I had a 20 week check up with my mw yesterday - she offers 20 wk appointments to first time mums - and when she tested my urine it came back with a trace of protein. Now, I know I'm probably worrying about nothing as she said there was nothing for me to be concerned about, that it just means it was neither positive or negative. She knows my mum had pre-eclampsia when pregnant with me so will keep a close eye on me, but she did say my blood pressure is absolutely fine and because I've no other symptoms this really is nothing for me to be concerned about.

Has anyone else had this??


----------



## StarLightxx

I had trace protein when I last saw midwife. My mum had pre-eclampsia too so i was a bit worried.

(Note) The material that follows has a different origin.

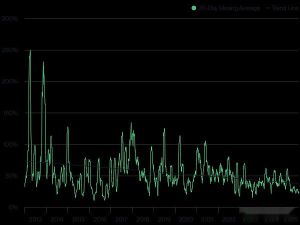 Lo mismo ocurre con Bitcoin.A medida que Bitcoin pasa de ser un usuario pionero a ser un inversor institucional y madura como tecnología, ya no enfrenta los riesgos existenciales que enfrentaba hace una década, y su madurez como clase de activo ha aumentado significativamente.Esto se ve claramente en la volatilidad de Bitcoin, que ha disminuido significativamente desde que el ETF de Bitcoin comenzó a cotizar en enero de 2024.

Had my 25 week appointment with doctor and she tested wee again and said everything was fine. They will just check it each time you have to give a urine sample. Hope this helps abit!!


----------



## MRSTJ

Hi just to let you know that ive had a trace of protien in all my wee samples through out this pregnancy (except the last one that was tested) and i had pre eclampsia with my 1st pregnancy. I have been told not to worry as it could be down to the sample bottles not being sterile or its just the changes happening within your body. So dont worry hun xx


----------



## kglo

I had this at 20 weeks and was told to drink lots of water, my next test was clear. 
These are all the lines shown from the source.